The Infrastructure Investment and Jobs Act, which was passed on November 5 and signed by President Biden November 15 includes over $12 billion in funding over a five year period focused on CCUS. These include:
- SCALE Act: $4.6 billion in financing for CO2 transport and storage infrastructure.
- Direct Air Capture Hubs: $3.5 billion to create 4 regional DAC hubs.
- Demonstration Projects: $2.54 billion over four year period.
- Large Scale Pilot Projects: $937 million over four year period.
- Carbon Utilization Program: $310 million over a five year period.
- Carbon Capture Technology Program: $100 million over five year period
Annual CO2 emissions reductions of 210-250 million metric tons resulting from these provisions are projected by 2035. When we think of infrastructure and benefit provided the steel industry we typically think of bridges and roads. However the infrastructure around climate change mitigation, or the green economy, will be heavily dependent on steel. Often times we hear a common refrain of, “we can’t afford it”, when discussing infrastructure. If we think about it more in terms of investment and not expense we can frame the discussion more positively.

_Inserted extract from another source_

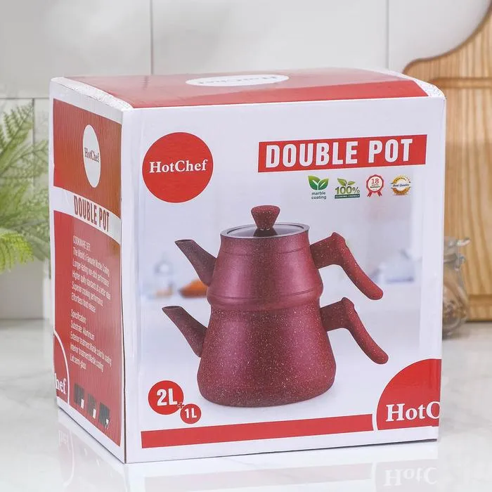 Двойной чайник «Турецкий» — идеальное решение для вашей кухни! Объёмы 1 и 2 литра позволят выбрать подходящий размер для любых нужд. Антипригарное покрытие обеспечивает лёгкость ухода и долговечность изделия. А благодаря широкой цветовой палитре вы точно найдёте идеальный вариант для вашего интерьера. Не упустите возможность сделать вашу кухню ещё уютнее с этим замечательным чайником!
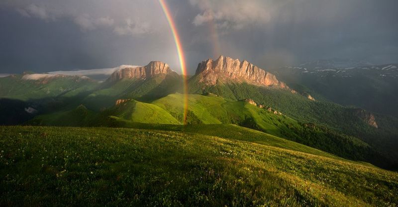 Горный массив Чёртовы ворота образуют горы Западный Ачешбок и Восточный Ачешбок. После сильного ливня, появилась радуга, вонзившаяся одним концом прямиком в Чёртовы ворота

What is relevant is that demand for around 5 millions tons of steel could result from every $100 billion invested in infrastructure. Consider a proposed interconnected transport and storage network associated with the SCALE Act and then consider what this means for steel (see map on next page).

For steelmakers, ultimately the transition to hydrogen based steelmaking processes provide the best green option. That is many years and billions of dollars in the future. The U.S. industry today operates with lower carbon emissions intensity than much of the world. This is due to a high percent of EAF production combined with natural gas and DRI production. The momentum in the EU provided their Emissions Trading System (ETS) combined with high percent of operating BFs vs EAFs suggests a quicker adoption of green technology as BFs are replaced. The U.S. however, with modern EAF and DRI facilities in place with years of operation still ahead could be well served with CCUS as a bridge to hydrogen based production further in the future.
Provided the infrastructure build out for transporting CO2 represented by SCALE Act, CCUS becomes even more attractive. Additionally, tax credits under 45Q of the Internal Revenue code provide further incentive to capture and sequester carbon.
And it is not just steelmakers that can benefit from CCUS technology. Production of cement, fertilizer and methanol, and natural gas processing all represent prospects for CCUS. And more so given the development of hub systems in the infrastructure network that helps to bring economic viability to lower scale operating systems.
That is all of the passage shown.